Leave no picture in, and give every entry again exactly.

> [DATA FOR THIS TASK]:
+-------+

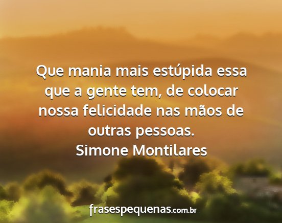 Que mania mais estúpida essa que a gente tem, de colocar nossa felicidade nas mãos de outras pessoas.Simone Montilares
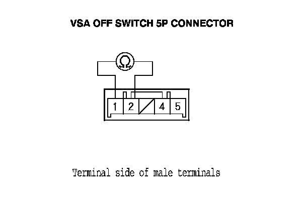 4. Check for continuity between VSA OFF switch 5P connector terminals No. 1 and No. 2. There should be continuity when the switch is pushed.
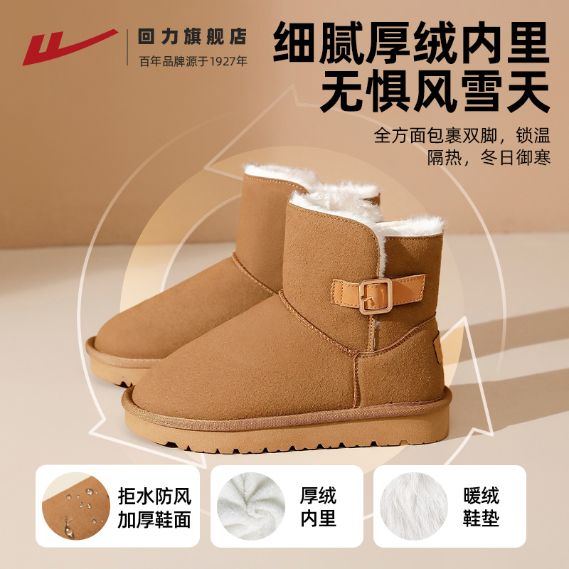回力雪地靴女2025冬季新款棉鞋加厚保暖棕色雪地棉靴东北靴子短筒
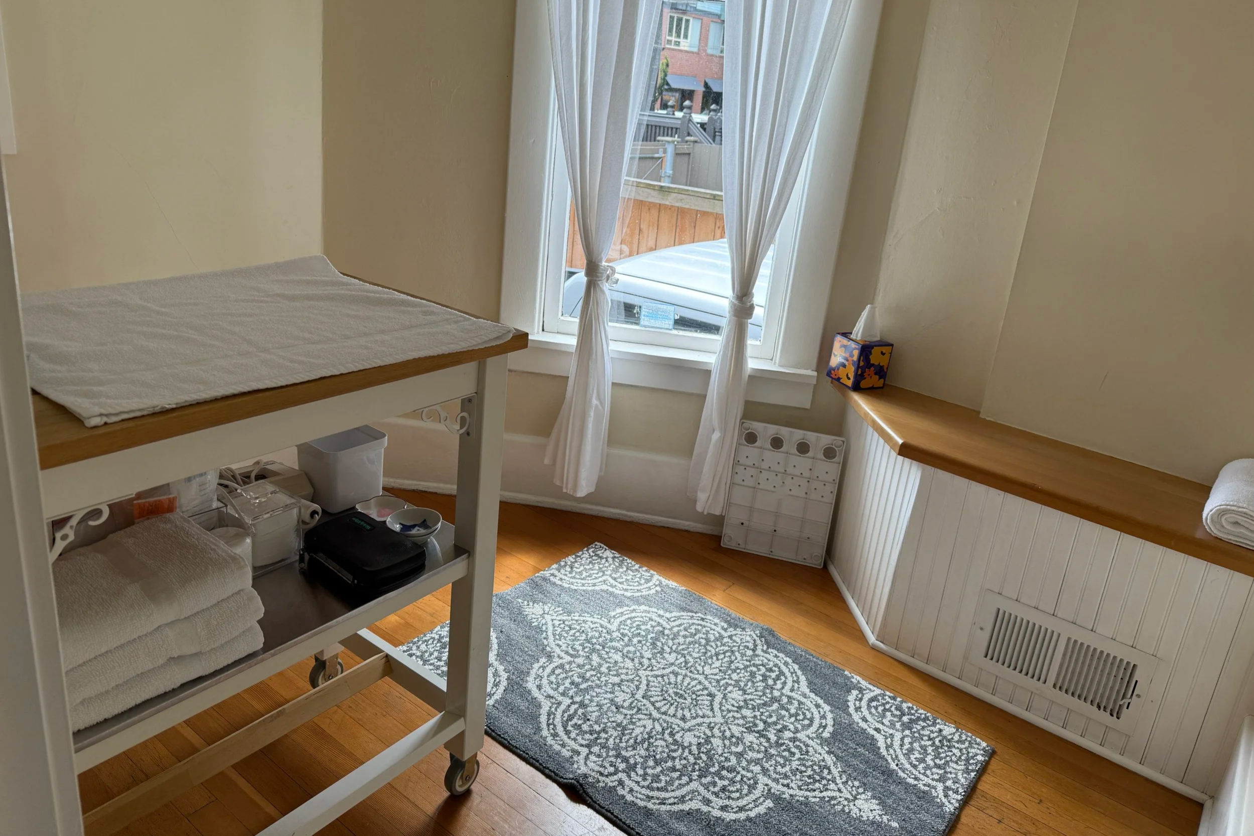 The clinic, while homey, is small. The waiting area has limited seating with noticeable noise from the printer and a window that looks into the first exam room.The small space allows sensitive front desk conversations to be heard throughout the clinic.
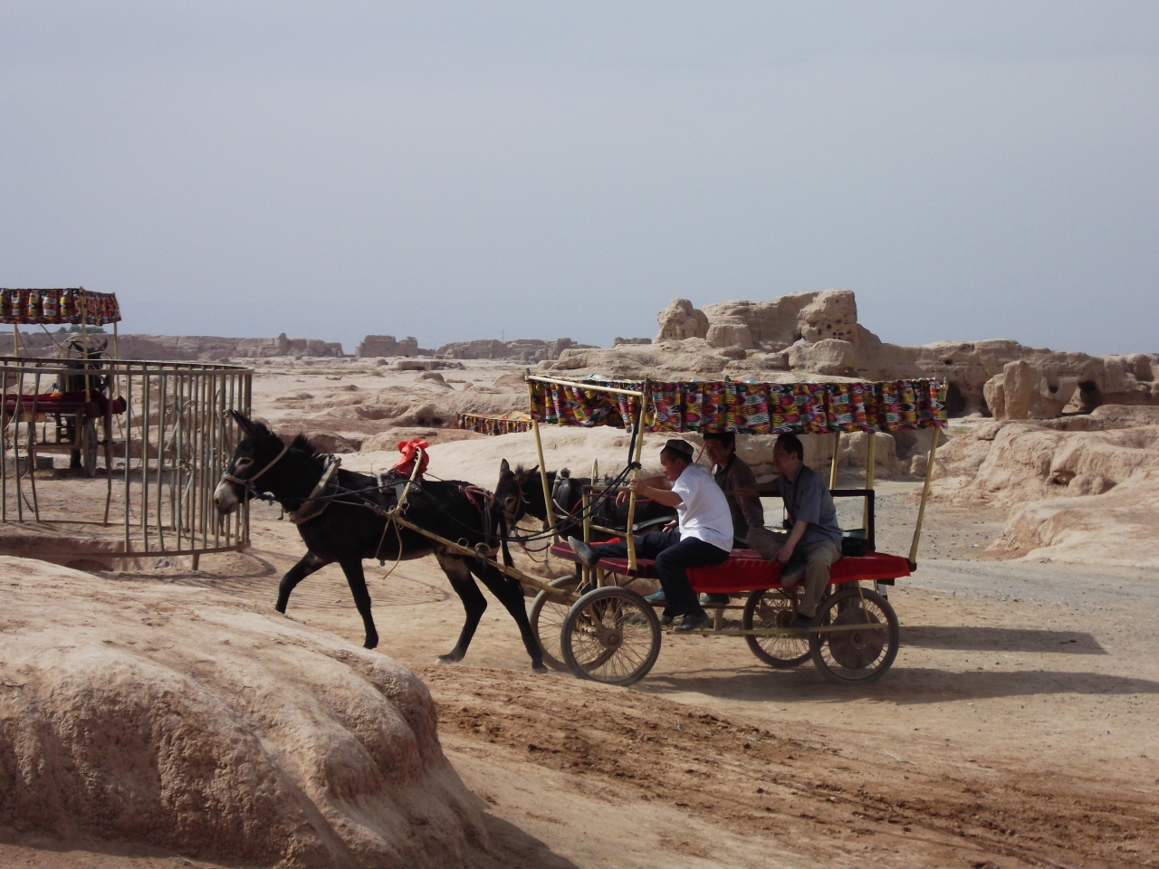 高昌故城は、トルファン市の南東にある麹氏高昌国の城跡。一辺が1.5kmの土壁で囲まれたほぼ正方形で、面積は200万?。明代まで約1500年間栄えました。玄奘三蔵が天竺へ向かう途中に1,2カ月程度滞在し、仏教を講じた寺院跡も残っています。
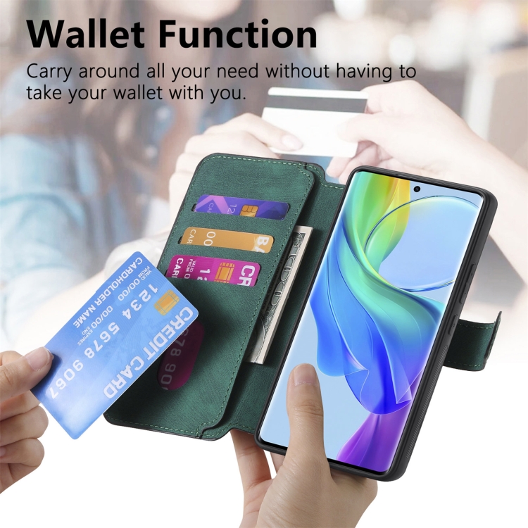 Funda para Vivo V29 Lite Neo Magsafe Rfid Antirrobo de Cuero Retro para Teléfono (Verde)
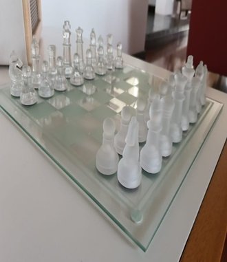 ADORNOS, AJEDREZ, GRANDE, AJEDREZ ACRILICO, MOTIVO AJEDREZ ACRILICO, TABLERO EN VIDRIO, ELABORADO EN ACRILICO Y VIDRIO, DIMENCIONES: X X , PESO: GRS
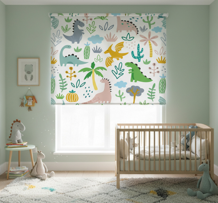 Children room roller blind scandinavian jurassic design

+-------+

> [WRITTEN SOLUTION]:
 Que mania mais estúpida essa que a gente tem, de colocar nossa felicidade nas mãos de outras pessoas.Simone Montilares
 4. Check for continuity between VSA OFF switch 5P connector terminals No. 1 and No. 2. There should be continuity when the switch is pushed.
回力雪地靴女2025冬季新款棉鞋加厚保暖棕色雪地棉靴东北靴子短筒
 The clinic, while homey, is small. The waiting area has limited seating with noticeable noise from the printer and a window that looks into the first exam room.The small space allows sensitive front desk conversations to be heard throughout the clinic.
 高昌故城は、トルファン市の南東にある麹氏高昌国の城跡。一辺が1.5kmの土壁で囲まれたほぼ正方形で、面積は200万?。明代まで約1500年間栄えました。玄奘三蔵が天竺へ向かう途中に1,2カ月程度滞在し、仏教を講じた寺院跡も残っています。
 Funda para Vivo V29 Lite Neo Magsafe Rfid Antirrobo de Cuero Retro para Teléfono (Verde)
 ADORNOS, AJEDREZ, GRANDE, AJEDREZ ACRILICO, MOTIVO AJEDREZ ACRILICO, TABLERO EN VIDRIO, ELABORADO EN ACRILICO Y VIDRIO, DIMENCIONES: X X , PESO: GRS
 Children room roller blind scandinavian jurassic design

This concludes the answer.